Still Life, by Sarah Winman
After a strange first chapter this book leaps into absolute gorgeousness and oh God! It helps that I read it in Italy. The Allied Troops are waiting to enter Florence. With them, is a young man, Ulysses Temper, and his Captain Darnley. Darnley has seen to it that the younger man should fall in love with Italy. “A little over a month before, they’d driven up to Orvieto, a city built on a huge rock overlooking the Paglia Valley. They’d sat on the bonnet of the jeep and drunk red wine out of their canteens as bombers roared overhead towards Mount Cetona, the boundary of Tuscany. They’d stumbled into the cathedral, into the San Brizio chapel, where Luca Signorelli’s masterpiece of the Last Judgement could be found. Neither of them believers, the images had still held them to account.” As they drive away their jeep is waved down by Evelyn Skinner, art historian, who needs a lift.
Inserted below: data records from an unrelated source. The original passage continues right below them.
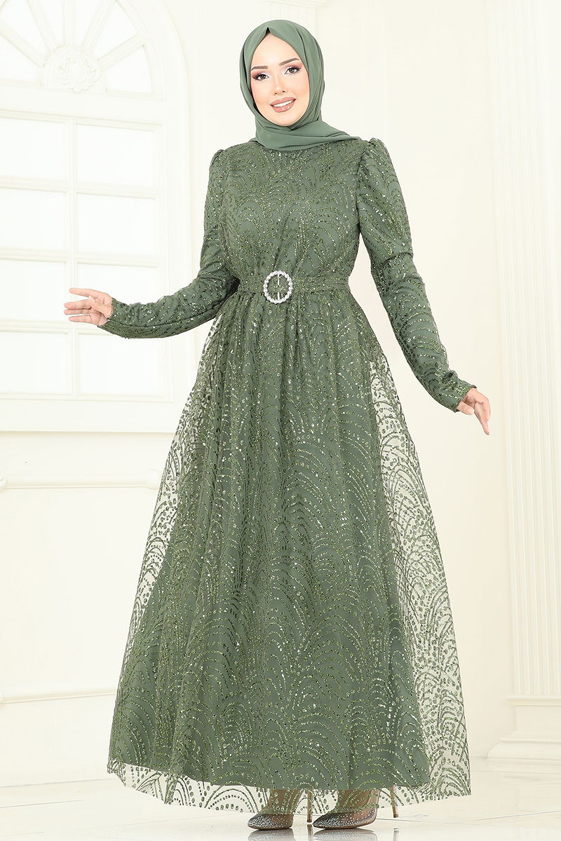 Kemeri Tokalı Simli Abiye Haki
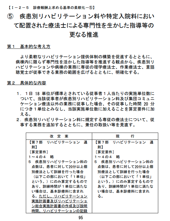 • 同一病棟内に回復期リハ病棟と地域包括ケア病棟等が併設されている場合の専従療法士の「兼任」を明確化。
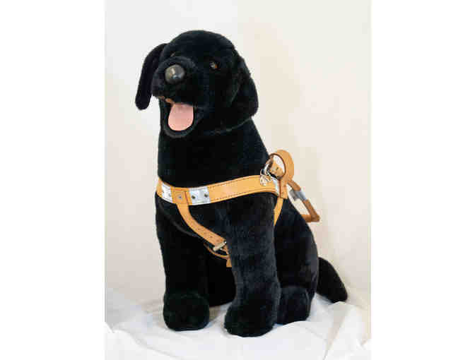 Sitting up and ready for work, our radiant, plush black Labrador retriever "Spinner" is simply an irresistible stuffed animal. Her handmade toy leather harness tells you she is a working dog and her dog tag proudly displays her name. Spinner is waiting for you to take her home!
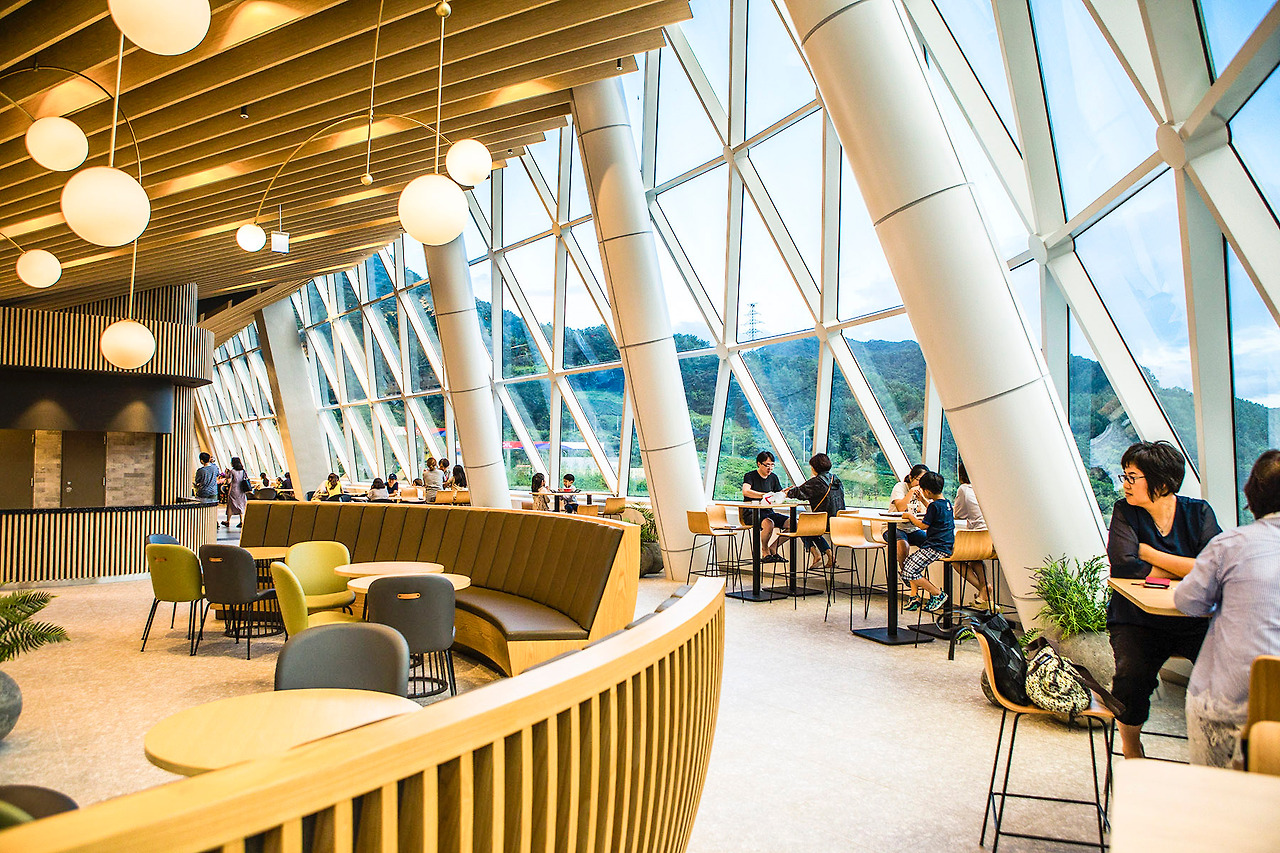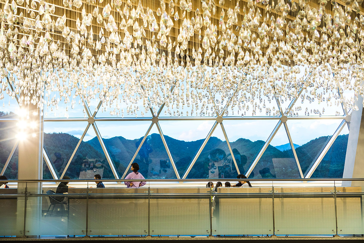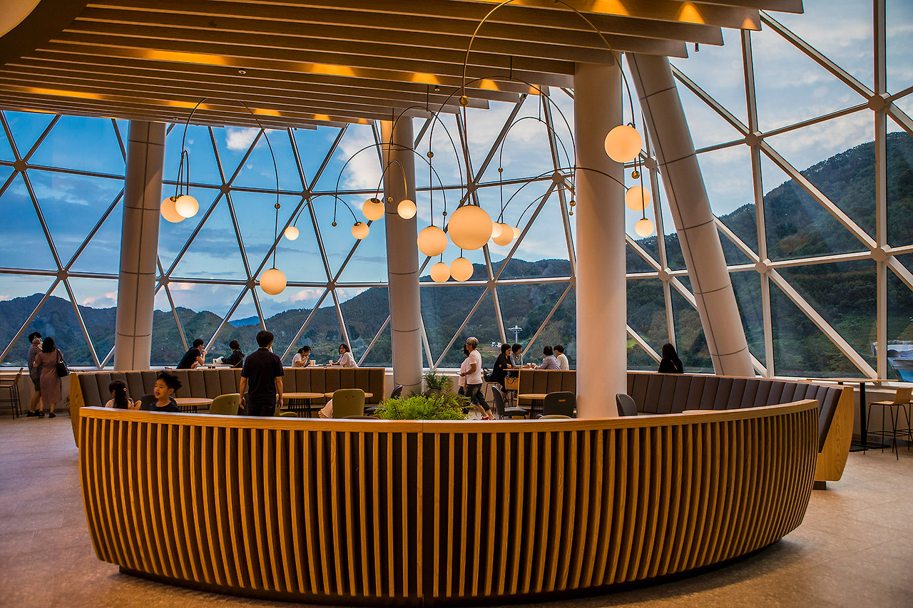 3층부터는 창으로 보이는 뷰가 말 그대로 장난이 아니었다. 이걸 볼려고 강원도를 왔던가라는 착각이 들 정도였다. 말 그대로 횡재였다. 로또는 못샀지만 스치듯 이렇게 아름다운 곳을 발견할 수 있다면 그게 삶의 소소한 로또가 아닐까. 사방이 유리로 둘러쌓여 있었다. 유리 아래로 앉을 수 있는 의자들이 소소하게 놓여져 있었다. 사람들은 앉아서 밖의 풍경을 감상하기도 하고 담소를 나누기도 했다. 이런 새로운 풍경을 보면 카메라를 든 이들은 신이 난다.

The dialogue between Evelyn and Ulysses is perfect. English, clipped, wry funny, understated. You can tell these two are going to be friends for life. In the fast way of two people who click but realise they will probably never meet again, Evelyn sums herself up. Kent. Sixty-four. Unmarried. Childless. We feel she’s also posh, independent and full of zing. He’s: London. Twenty-four. Married, no kids. He tells her he’s the son of a globe maker. “Find a Temper & Son globe and you’ll find my mum’s name hidden somewhere on the surface.” Lots of little villages called Nora. How romantic is that?